Characterization of Regression Rate and Combustion Process in a High-Pressure 2D Hybrid Rocket Engine with Optical Access

Kurzfassung

A new slab combustion chamber employing hydrogen peroxide (H2O2) and hydroxyl-terminated polybutadiene (HTPB) was designed and commissioned by the German Aerospace Center (DLR), Institute for Aerodynamics and Flow Technology in Braunschweig at the DLR site Trauen. The combustion chamber has four helium-cooled quartz glass windows, which provide an insight into the combustion process above the fuel slab and enable its characterization with optical measurement techniques. The experiment allows studying the combustion process at pressures of up to 25 bars and oxidizer mass flows of up to 200 g/s. A H2O2 catalyst chamber, which delivers a mixture of hot water steam and oxygen, enables self-ignition without an additional igniter system. The regression rate during the test runs is measured with two ultrasonic probes and other methods.
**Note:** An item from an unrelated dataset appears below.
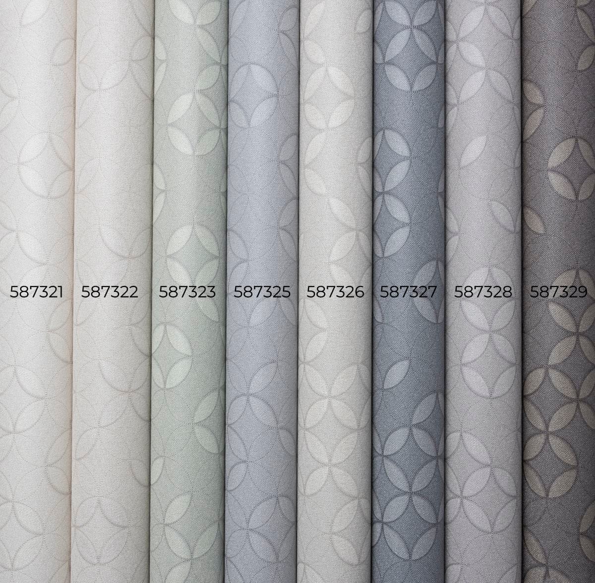 Особое очарование серии — в её текстильной основе. Лёгкая тканевая структура с «золотой» нитью придаёт покрытию мягкость восприятия и благородный характер. Свет мягко скользит по рельефу, подчёркивая геометрию и создавая эффект живой, дорогой поверхности.
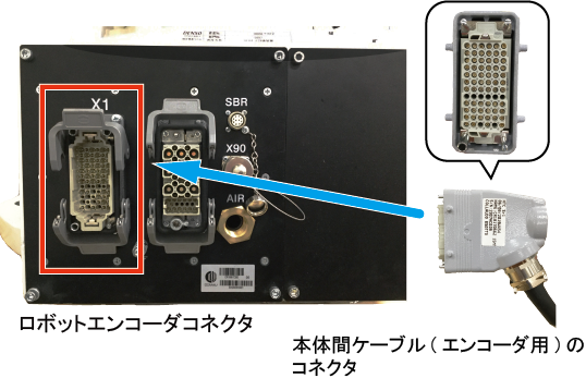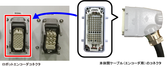 本体間ケーブル(エンコーダ用)のコネクタとロボットエンコーダコネクタの左右の向きを合わせます。

During the experiments a highspeed camera, a two-color pyrometer and infrared temperature measurements were also used. Three different fuel formulations based on HTPB with HDPE and PA6 polymeric particles at various chamber pressures and oxidizer mass flows have been examined. The preliminary results of the measured ignition times indicate a strong pressure dependency. Patterns on the fuel slab surfaces and images of the combustion process suggest a highly turbulent boundary layer flow. The regression rate seems to mainly depend on the oxidizer mass flow through the chamber with similar mass flow inclines for the HTPB and PA6 fuel formulations. In contrast the results for the HDPE formulation indicate a stronger incline at pressures of 15 bars, which might be caused by pre-test heat-up procedures.